Entre las actividades acuáticas destaca por sobre las demás el buceo y el esnórquel a lo largo de los 100 kilómetros que forman parte del Gran Arrecife Maya. No se necesita ir muy profundo para observar peces multicolores, caracoles, esponjas, estrellas y caballitos de mar, erizos, langostas y tortugas. También se alquilan kayaks, tanto de día como de noche, para adentrarse en el mar o la laguna, y por supuesto se puede nadar en cualquiera de las playas y los escondidos cenotes. La arqueología también se hace presente con alrededor de una veintena de sitios que, por no estar excavados ni señalizados, requieren de guías para su visita.

El centro de operaciones para equiparse y organizar cualquier actividad se localiza en el único poblado de la reserva: Punta Allen. Sus menos de medio millar de habitantes se han organizado en diversas cooperativas turísticas que ofrecen excursiones diarias, de acuerdo con la demanda. Entre ellas destacan Las Boyas (T. (984) 877 8017), Los Gaitanes (T. (984) 877 8405) y Vigía Grande (T. (984) 877 8485). Todas son fáciles de encontrar a pesar de contar con la misma imprecisa dirección: domicilio conocido.

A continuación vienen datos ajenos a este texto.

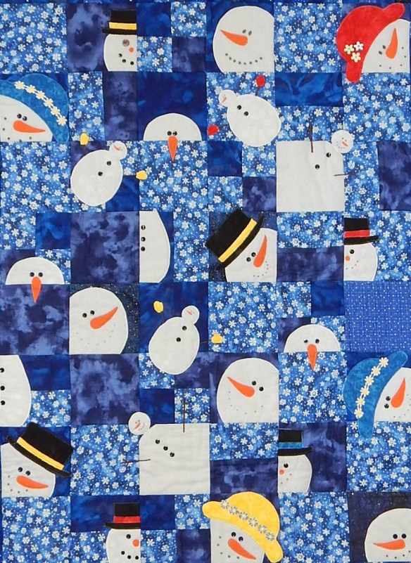 The snowmen and noses were a combination of fusible appliqué and Eleanor Burns’s appliqué with fusible interfacing.  I have washed this and it held up fine.
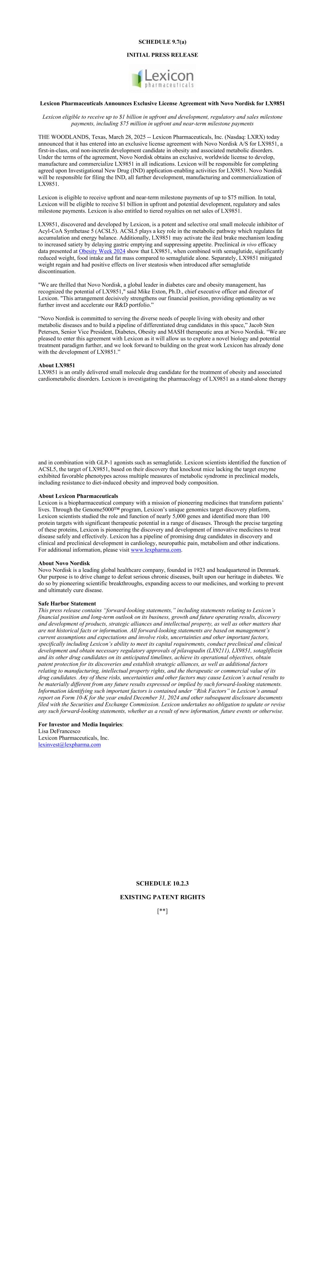 附表9.7(a)初步新闻稿莱斯康制药宣布与诺和诺德就LX9851达成独家许可协议Lexicon有资格获得高达10亿美元的预付款以及开发、监管和销售里程碑付款,其中包括7500万美元的预付款和近期里程碑付款,德克萨斯州伍德兰兹市,2025年3月28日--Lexicon Pharmaceuticals, Inc.丨TERM2(丨纳斯达克纳斯达克:LXRX)今天宣布,该公司已与Novo Nordisk A/S就LX9851达成独家许可协议,LX9851是一种用于肥胖和相关代谢紊乱的一流口服非肠促胰岛素开发候选药物。根据协议条款,诺和诺德获得在所有适应症中开发、制造和商业化LX9851的全球独家许可。Lexicon将负责完成LX9851商定的研究性新药(IND)申请授权活动。诺和诺德将负责LX9851的IND备案、所有进一步的开发、制造和商业化。Lexicon有资格获得高达7500万美元的前期和近期里程碑付款。总的来说,Lexicon将有资格获得10亿美元的前期和潜在开发、监管和销售里程碑付款。Lexicon还有权获得LX9851净销售额的分级版税。LX9851由Lexicon发现和开发,是一种有效的选择性口服酰基辅酶A合成酶5(ACSL5)小分子抑制剂。ACSL5在调节脂肪积累和能量平衡的代谢途径中起着关键作用。此外,LX9851可能会通过延缓胃排空和抑制食欲来激活回肠制动机制,从而导致饱腹感增加。在肥胖周2024上展示的临床前体内功效数据显示,LX9851与索马鲁肽联合使用时,与单独使用索马鲁肽相比,显着降低了体重、食物摄入量和脂肪量。另外,LX9851在停用索马鲁肽后引入,可减轻体重恢复,并对肝脏脂肪变性有积极影响。“我们很高兴诺和诺德,糖尿病护理和肥胖管理领域的全球领导者,认识到了LX9851的潜力,”Lexicon首席执行官兼董事Mike Exton博士表示。“这种安排决定性地加强了我们的财务状况,在我们进一步投资和加速我们的研发组合时提供了可选性。”“诺和诺德致力于服务于肥胖和其他代谢性疾病患者的多样化需求,并在这一领域构建差异化候选药物管道,”丨诺和诺德诺和诺德糖尿病、肥胖和MASH治疗领域高级副总裁Jacob Sten Petersen。“我们很高兴与Lexicon达成这项协议,因为这将使我们能够进一步探索一种新的生物学和潜在的治疗范式,我们期待着在Lexicon在开发LX9851方面已经完成的伟大工作的基础上再接再厉。”关于LX9851 LX9851是一种口服小分子候选药物,用于治疗肥胖症和相关的心脏代谢紊乱。Lexicon正在研究LX9851作为独立疗法并与Semaglutide等GLP-1激动剂联合使用的药理学。Lexicon科学家确定了LX9851的靶点ACSL5的功能,这是基于他们的发现,即在临床前模型中,缺乏靶点酶的敲除小鼠在代谢综合征的多个测量中表现出有利的表型,包括对饮食引起的肥胖的抵抗力和改善的身体成分。关于莱斯康制药 Lexicon是一家生物制药公司,其使命是开创能够改变患者生活的药物。通过Genome5000™程序,Lexicon独有的基因组学靶点发现平台,Lexicon科学家研究了近5000个基因的作用和功能,确定了100多个在一系列疾病中具有显著治疗潜力的蛋白质靶点。通过对这些蛋白质的精准靶向,Lexicon正在开创性地发现和开发创新药物,以安全有效地治疗疾病。Lexicon在心脏病学、神经性疼痛、新陈代谢和其他适应症的发现以及临床和临床前开发方面拥有一系列有前景的候选药物。欲了解更多信息,请访问www.lexpharma.com。关于诺和诺德诺和诺德是一家全球领先的医疗保健公司,成立于1923年,总部位于丹麦。我们的目标是推动变革,以战胜严重的慢性疾病,建立在我们在糖尿病领域的传统之上。我们这样做是通过开创性的科学突破,扩大我们的药物的可及性,并致力于预防并最终治愈疾病。安全港声明这份新闻稿包含“前瞻性声明”,包括与Lexicon的财务状况和对其业务的长期展望、增长和未来经营业绩、产品的发现和开发、战略联盟和知识产权相关的声明, 以及其他非历史事实或信息的事项。所有前瞻性陈述均基于管理层当前的假设和预期,涉及风险、不确定性和其他重要因素,具体包括Lexicon满足其资本要求、进行临床前和临床开发以及在其预期时间内获得pilavapadin(LX9211)、LX9851、sotagliflozin和其他候选药物的必要监管批准、实现其运营目标、为其发现获得专利保护和建立战略联盟的能力,以及与制造、知识产权以及候选药物的治疗或商业价值相关的其他因素。任何这些风险、不确定性和其他因素都可能导致Lexicon的实际结果与此类前瞻性陈述明示或暗示的任何未来结果存在重大差异。识别这些重要因素的信息包含在Lexicon截至2024年12月31日止年度的10-K表格年度报告以及随后提交给美国证券交易委员会的其他披露文件的“风险因素”下。Lexicon不承担更新或修改任何此类前瞻性陈述的义务,无论是由于新信息、未来事件或其他原因。投资者及媒体查询:Lisa DeFrancesco 莱斯康制药,Inc. lexinvest@lexpharma.com附表10.2.3现有专利权【**]
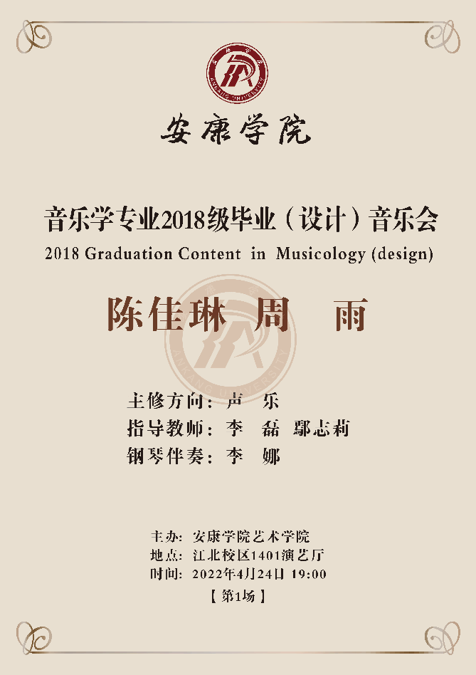 365英国上市官方网站音乐学专业2018级毕业音乐会信息(第一、二场)

Para dormir hay de todo: desde arena blanca para colocar la tienda de acampar hasta lodges exclusivos, escondidos entre los matorrales a lo largo del único camino. Dos buenas opciones intermedias, que ofrecen instalaciones limpias, agradables y que limitan su impacto ambiental son el Centro de Visitantes Sian Ka’an (Carretera Tulum-Punta Allen Km. 15; T. (998) 898 3883; www.ecotravelmexico.com/Centro_de_visitantes.htm#1; desde 62 dólares), que ofrece cinco habitaciones con baño compartido y una suite con baño y balcón privados; y el Centro Ecológico Sian Ka’an (Carretera Federal Cancún-Tulum 68; T. (984) 871 2499; www.siankaan.org; desde 55 dólares), un puñado de tiendas sobrepuestas en plataformas y equipadas con cómodas camas e impecables baños secos. Ambas tienen un buen restaurante y ofrecen interesantes tours.

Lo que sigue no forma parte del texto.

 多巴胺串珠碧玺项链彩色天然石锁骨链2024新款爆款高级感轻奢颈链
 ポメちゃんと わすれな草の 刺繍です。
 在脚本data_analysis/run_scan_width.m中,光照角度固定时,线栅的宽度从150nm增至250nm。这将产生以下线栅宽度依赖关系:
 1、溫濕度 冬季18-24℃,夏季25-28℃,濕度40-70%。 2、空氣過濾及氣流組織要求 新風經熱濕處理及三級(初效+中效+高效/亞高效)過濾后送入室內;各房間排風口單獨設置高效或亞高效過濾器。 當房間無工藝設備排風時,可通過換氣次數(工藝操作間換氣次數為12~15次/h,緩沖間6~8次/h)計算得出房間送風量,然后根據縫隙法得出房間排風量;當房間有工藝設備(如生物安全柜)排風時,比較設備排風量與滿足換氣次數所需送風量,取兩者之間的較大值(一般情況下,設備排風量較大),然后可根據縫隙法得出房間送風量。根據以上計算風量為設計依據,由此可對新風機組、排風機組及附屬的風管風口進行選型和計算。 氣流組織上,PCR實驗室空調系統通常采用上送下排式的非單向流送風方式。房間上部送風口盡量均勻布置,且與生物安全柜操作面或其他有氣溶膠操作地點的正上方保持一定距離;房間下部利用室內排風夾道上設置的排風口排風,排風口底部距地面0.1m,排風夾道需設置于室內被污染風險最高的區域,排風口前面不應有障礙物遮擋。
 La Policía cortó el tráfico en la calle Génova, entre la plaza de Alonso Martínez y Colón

Si prefiere comer más barato, dentro de Punta Allen casi cada cooperativa cuenta con su propio restaurante y muchas mujeres cocinan sobre pedido. La especialidad de la casa siempre será la langosta en todas sus presentaciones, pues la pobre, a diferencia de los peces, no cuenta con ningún tipo de pesca deportiva que la proteja.

CÓMO LLEGAR
Hay dos caminos a medio pavimentar que llevan a la reserva: uno parte de Tulum y el otro de la ciudad de Felipe Carrillo Puerto. De Tulum, siga los señalamientos hacia la Zona Hotelera hasta conectar con el desvío que lleva a Punta Allen, a donde llegará después de 50 kilómetros de arena y baches (sobre todo en temporada de lluvia). Desde Carrillo Puerto, siga las señalizaciones rumbo a Vigía Chico o El Playón. Tras 70 kilómetros se acaba la carretera. No hay de otra que estacionarse y tomar una pequeña lancha colectiva que en 10 minutos lo deja en Punta Allen. Por este lado no hay manera de cruzar con el vehículo.